Doctors applaud this level of accessibility for students. "Maximizing accessibility to vaccination will remove an important barrier and undoubtedly increase vaccination rates," Russo says. Adalja agrees. "In order to make vaccine uptake optimal, increasing the convenience of scheduling vaccination is really important," he says. "Schools can be a very efficient means to make it as simple as possible to get vaccinated."

Having vaccines available at school also creates less of a hassle for parents, Schreiber says. "Not everyone can get to the pediatrician's office, and even then it's going to be crowded," he says. "Having other sites is critical for access."

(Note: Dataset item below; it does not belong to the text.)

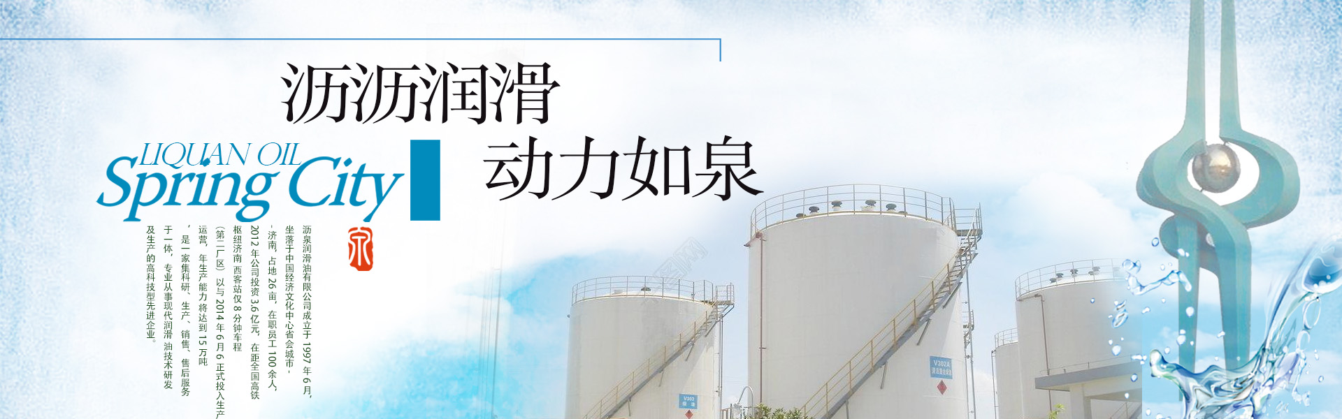 瀝泉潤滑油有限公司成立于1997年6月,坐落于中國經(jīng)濟(jì)文化中心省會(huì)城市--濟(jì)南, 占地26畝,在職員工100余人,2012年公司投資3.6億元,在距全國高鐵樞紐濟(jì)南 西客站僅8分鐘車程(第二廠區(qū))以與2014年6月6正式投入生產(chǎn)運(yùn)營,年生產(chǎn)能力 將達(dá)到15萬噸,是一家集生產(chǎn)、銷售、售后服務(wù)于一體,專業(yè)從事潤滑油生產(chǎn)的企業(yè)。 產(chǎn)品共有15大類,150多個(gè)品種,廣泛應(yīng)用于汽車、工程機(jī)械、船舶、冶金、發(fā)電 機(jī)組、工業(yè)設(shè)備、軍工等領(lǐng)域。 公司產(chǎn)品已形成多系列、多品種、多規(guī)格的格局。并在30多個(gè)省市自治區(qū)建立400 多家代理商。經(jīng)銷商8000多家,深受用戶好評(píng)! 在潤滑油行業(yè)領(lǐng)域展現(xiàn)著她傲人的身姿。公司秉承“以人品打造精品,以精品奉獻(xiàn) 客戶”的企業(yè)理念,引進(jìn)國內(nèi)外先進(jìn)企業(yè)管理經(jīng)驗(yàn)和管理方法

New legislation makes it difficult for Tennessee schools to enforce mask mandates

Tennessee's General Assembly approved a new bill over the weekend that makes it difficult for school districts in the state to impose mask mandates.

The legislation, called SB9014, has been sent to Gov. Bill Lee to be signed. If it's signed into law, three conditions will have to be met in order for school boards to be allowed to approve a 14-day mask mandate:

  • The governor has to declare a state of emergency due to COVID-19

  • The county that the district is in has to have a rolling infection rate of at least 1,000 cases for every 100,000 people over 14 days

  • The principal has to request a universal masking policy

"It's unfortunate that, in parts of the country, there’s been such politicization about this," Schreiber says. "The data is good that universal masking greatly reduces the spread in schools and in the community — masks work."

Adalja recommends that parents in affected communities get their children vaccinated against COVID-19. Schreiber agrees. "If they're immunized, there will be much less of a risk that children will get sick," he says.